◆ PROBLEM TO WORK ON: Repeat the data exactly. Pictures stay out.
☆ ☆ ☆
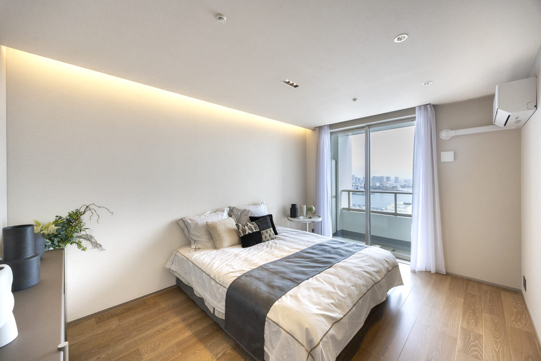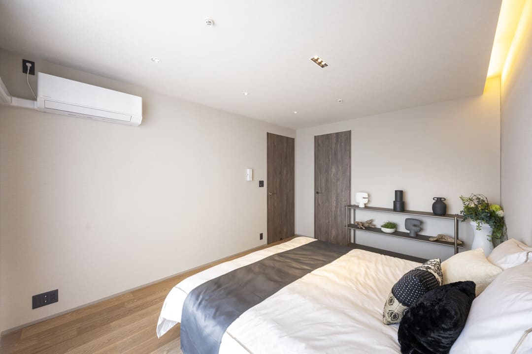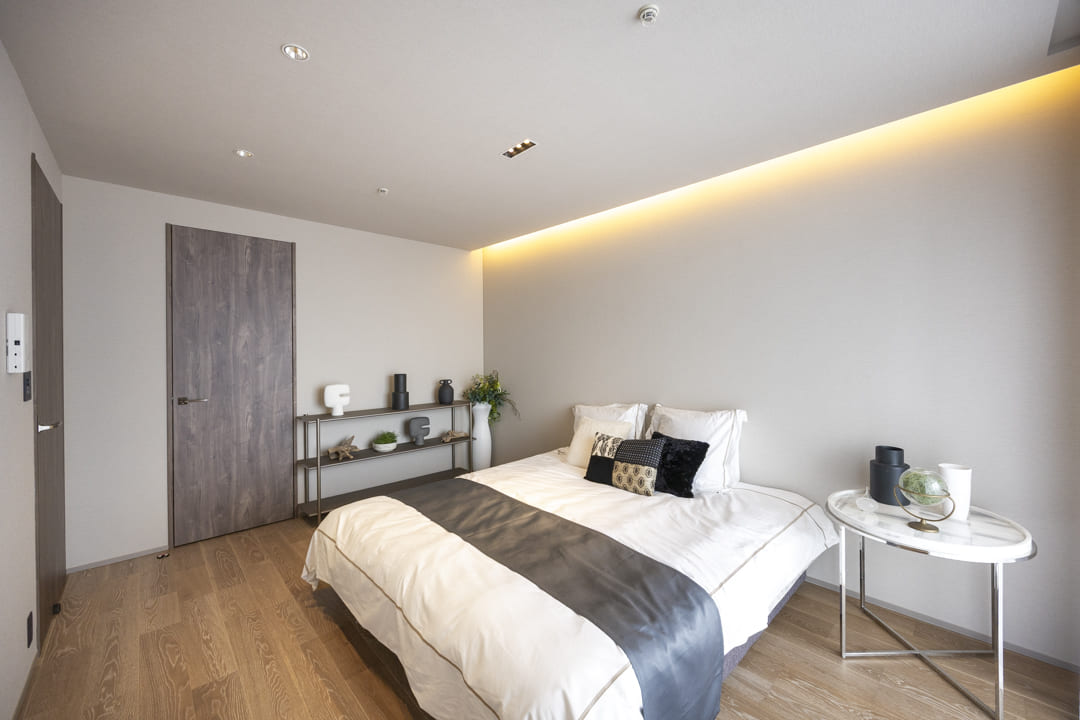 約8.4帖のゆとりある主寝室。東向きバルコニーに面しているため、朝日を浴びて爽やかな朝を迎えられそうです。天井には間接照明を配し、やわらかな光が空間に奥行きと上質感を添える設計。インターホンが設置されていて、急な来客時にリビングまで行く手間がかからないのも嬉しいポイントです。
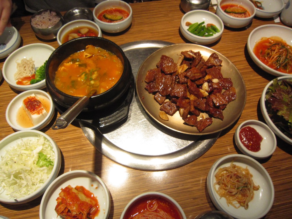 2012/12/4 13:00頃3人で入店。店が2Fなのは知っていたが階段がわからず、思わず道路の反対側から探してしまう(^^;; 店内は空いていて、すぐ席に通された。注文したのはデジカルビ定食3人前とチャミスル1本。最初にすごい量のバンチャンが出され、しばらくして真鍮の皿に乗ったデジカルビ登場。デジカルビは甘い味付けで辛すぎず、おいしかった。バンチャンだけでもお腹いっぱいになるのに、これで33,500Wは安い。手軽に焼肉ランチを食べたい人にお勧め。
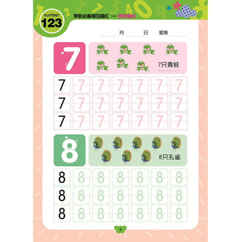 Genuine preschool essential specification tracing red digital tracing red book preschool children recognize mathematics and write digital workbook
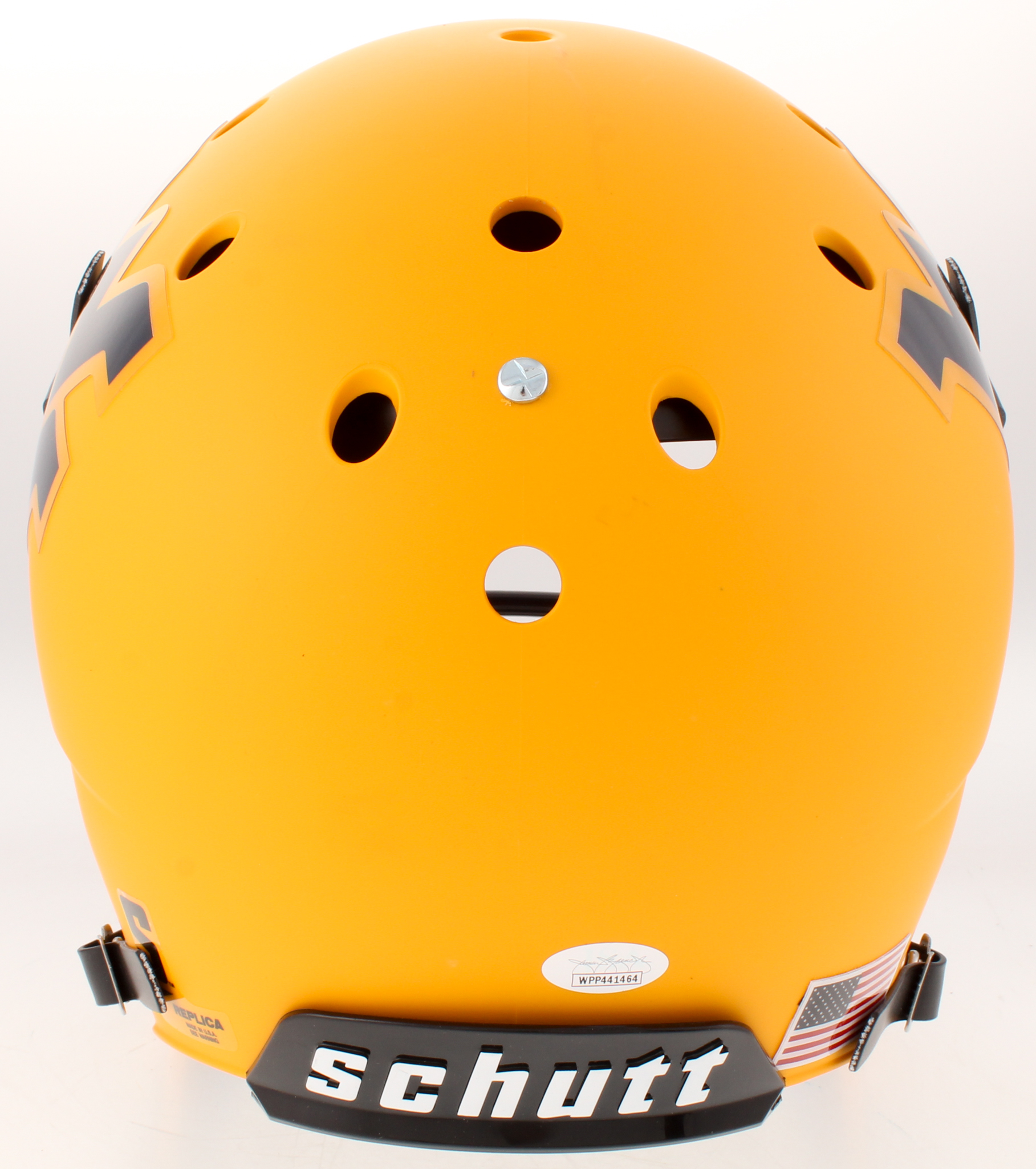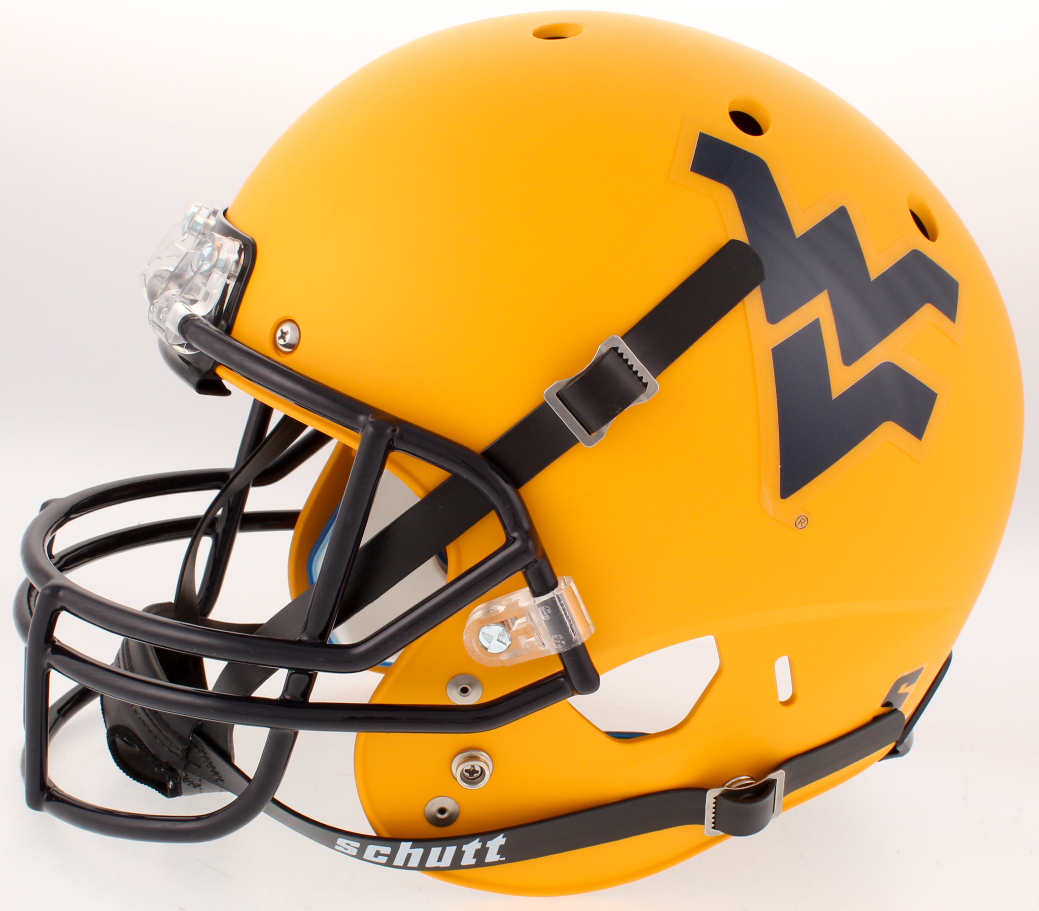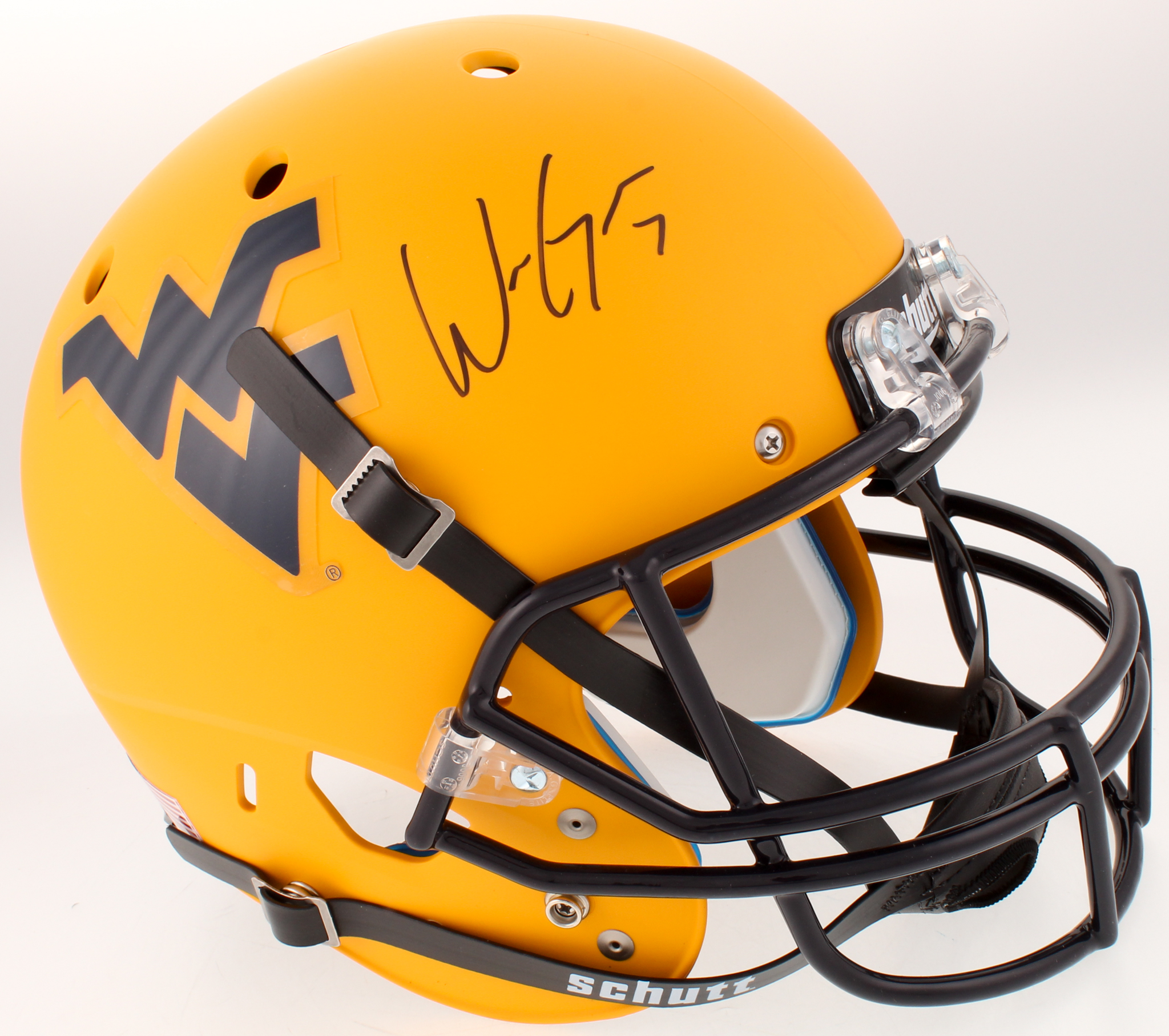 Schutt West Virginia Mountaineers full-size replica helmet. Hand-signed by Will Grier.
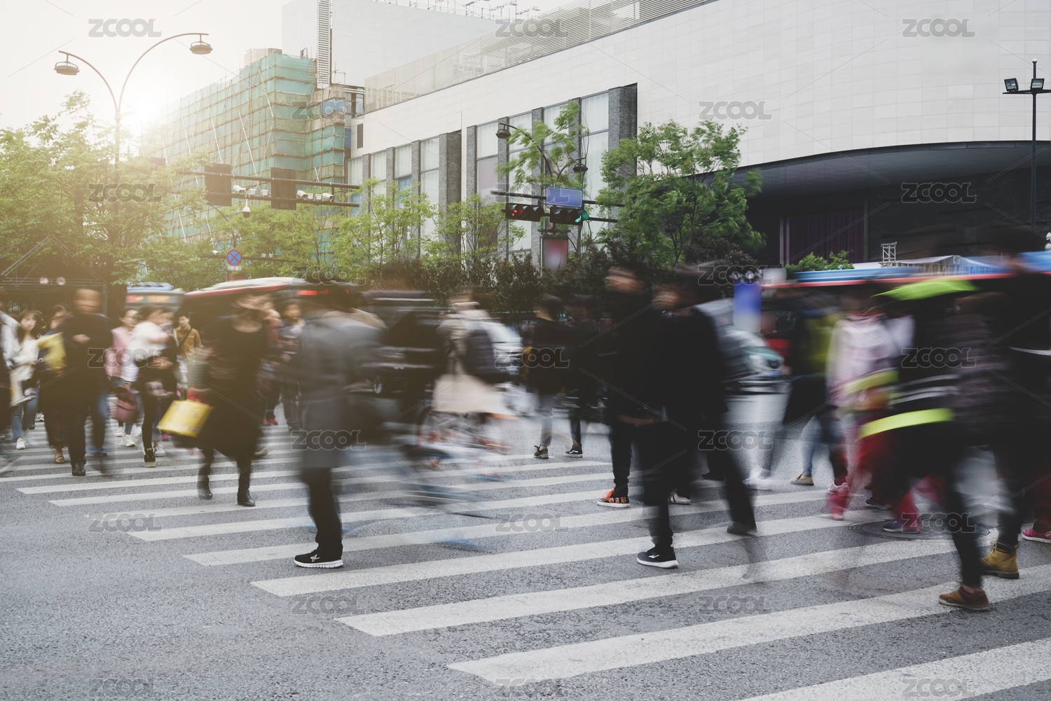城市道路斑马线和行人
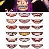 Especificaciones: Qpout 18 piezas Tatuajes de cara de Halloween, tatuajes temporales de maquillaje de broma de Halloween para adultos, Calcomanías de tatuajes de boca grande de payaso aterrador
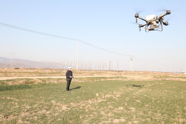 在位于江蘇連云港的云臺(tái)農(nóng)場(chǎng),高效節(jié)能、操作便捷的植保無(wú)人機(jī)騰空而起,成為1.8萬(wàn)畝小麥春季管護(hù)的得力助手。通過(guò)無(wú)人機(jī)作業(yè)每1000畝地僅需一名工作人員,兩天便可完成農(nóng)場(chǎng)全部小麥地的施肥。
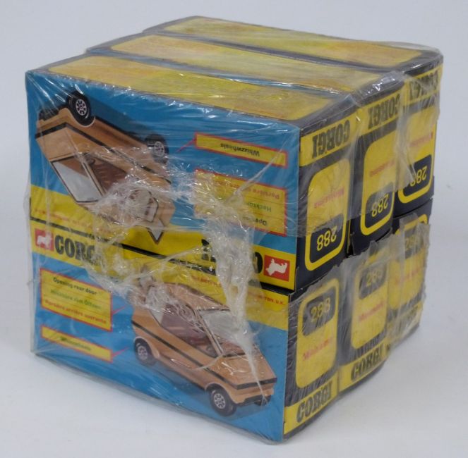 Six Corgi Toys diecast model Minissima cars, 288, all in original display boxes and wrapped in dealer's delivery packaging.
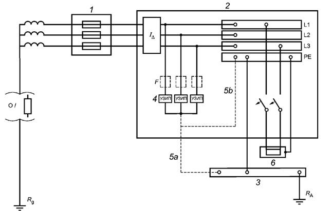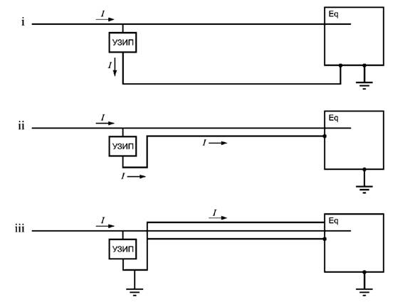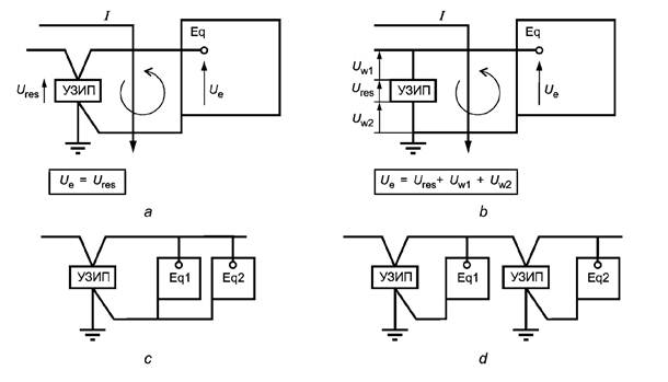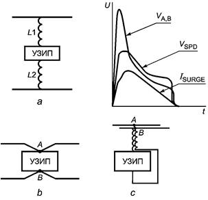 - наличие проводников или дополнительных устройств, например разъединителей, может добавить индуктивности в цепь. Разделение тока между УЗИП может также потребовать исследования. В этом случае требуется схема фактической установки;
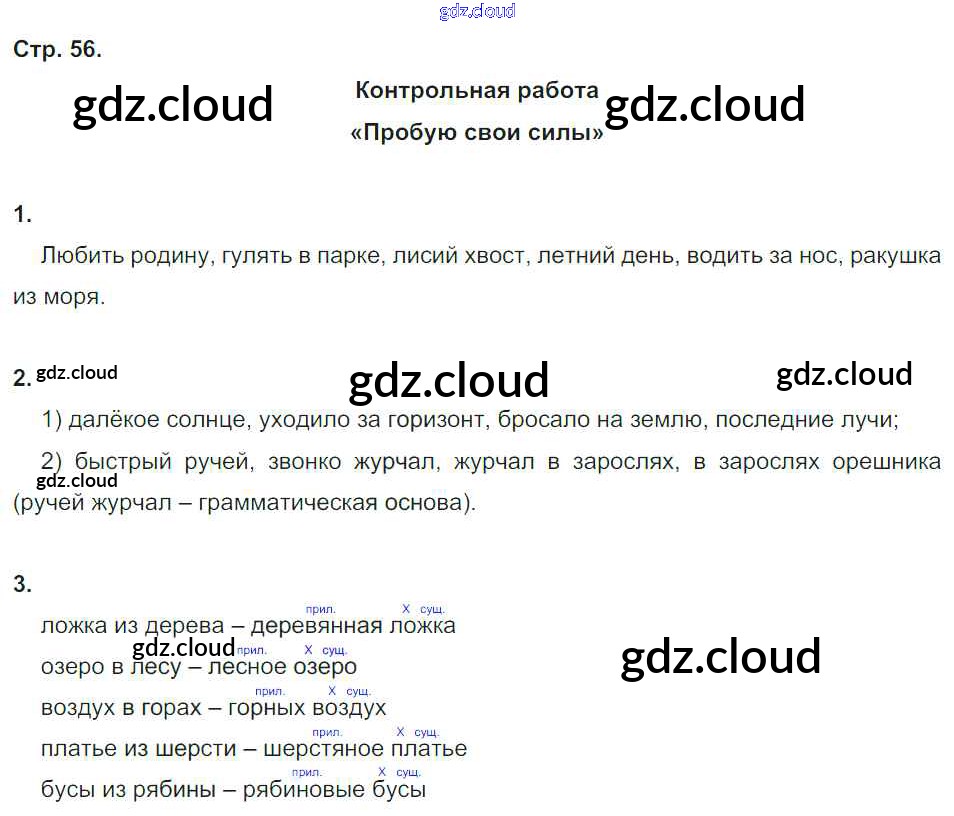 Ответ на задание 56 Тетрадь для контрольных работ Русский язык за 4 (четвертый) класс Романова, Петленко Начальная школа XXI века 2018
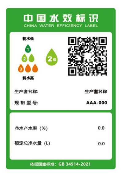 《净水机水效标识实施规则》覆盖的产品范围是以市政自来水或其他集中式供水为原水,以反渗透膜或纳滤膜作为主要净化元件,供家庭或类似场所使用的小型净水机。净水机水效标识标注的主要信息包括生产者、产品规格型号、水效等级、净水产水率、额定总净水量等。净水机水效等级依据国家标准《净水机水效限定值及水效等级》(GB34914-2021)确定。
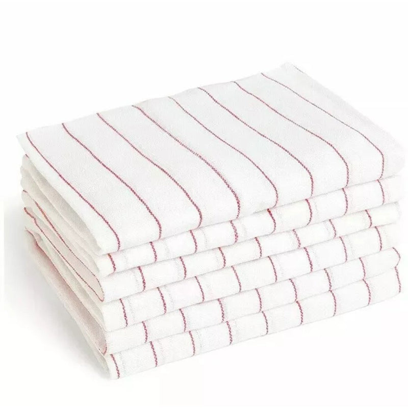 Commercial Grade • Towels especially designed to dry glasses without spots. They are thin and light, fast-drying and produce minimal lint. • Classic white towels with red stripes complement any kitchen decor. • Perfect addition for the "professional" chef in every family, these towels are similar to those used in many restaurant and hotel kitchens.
☆ ☆ ☆
◆ RESPONSE:
 約8.4帖のゆとりある主寝室。東向きバルコニーに面しているため、朝日を浴びて爽やかな朝を迎えられそうです。天井には間接照明を配し、やわらかな光が空間に奥行きと上質感を添える設計。インターホンが設置されていて、急な来客時にリビングまで行く手間がかからないのも嬉しいポイントです。
 2012/12/4 13:00頃3人で入店。店が2Fなのは知っていたが階段がわからず、思わず道路の反対側から探してしまう(^^;; 店内は空いていて、すぐ席に通された。注文したのはデジカルビ定食3人前とチャミスル1本。最初にすごい量のバンチャンが出され、しばらくして真鍮の皿に乗ったデジカルビ登場。デジカルビは甘い味付けで辛すぎず、おいしかった。バンチャンだけでもお腹いっぱいになるのに、これで33,500Wは安い。手軽に焼肉ランチを食べたい人にお勧め。
 Genuine preschool essential specification tracing red digital tracing red book preschool children recognize mathematics and write digital workbook
 Schutt West Virginia Mountaineers full-size replica helmet. Hand-signed by Will Grier.
城市道路斑马线和行人
 Especificaciones: Qpout 18 piezas Tatuajes de cara de Halloween, tatuajes temporales de maquillaje de broma de Halloween para adultos, Calcomanías de tatuajes de boca grande de payaso aterrador
 在位于江蘇連云港的云臺(tái)農(nóng)場(chǎng),高效節(jié)能、操作便捷的植保無(wú)人機(jī)騰空而起,成為1.8萬(wàn)畝小麥春季管護(hù)的得力助手。通過(guò)無(wú)人機(jī)作業(yè)每1000畝地僅需一名工作人員,兩天便可完成農(nóng)場(chǎng)全部小麥地的施肥。
 Six Corgi Toys diecast model Minissima cars, 288, all in original display boxes and wrapped in dealer's delivery packaging.
 - наличие проводников или дополнительных устройств, например разъединителей, может добавить индуктивности в цепь. Разделение тока между УЗИП может также потребовать исследования. В этом случае требуется схема фактической установки;
 Ответ на задание 56 Тетрадь для контрольных работ Русский язык за 4 (четвертый) класс Романова, Петленко Начальная школа XXI века 2018
 《净水机水效标识实施规则》覆盖的产品范围是以市政自来水或其他集中式供水为原水,以反渗透膜或纳滤膜作为主要净化元件,供家庭或类似场所使用的小型净水机。净水机水效标识标注的主要信息包括生产者、产品规格型号、水效等级、净水产水率、额定总净水量等。净水机水效等级依据国家标准《净水机水效限定值及水效等级》(GB34914-2021)确定。
 Commercial Grade • Towels especially designed to dry glasses without spots. They are thin and light, fast-drying and produce minimal lint. • Classic white towels with red stripes complement any kitchen decor. • Perfect addition for the "professional" chef in every family, these towels are similar to those used in many restaurant and hotel kitchens.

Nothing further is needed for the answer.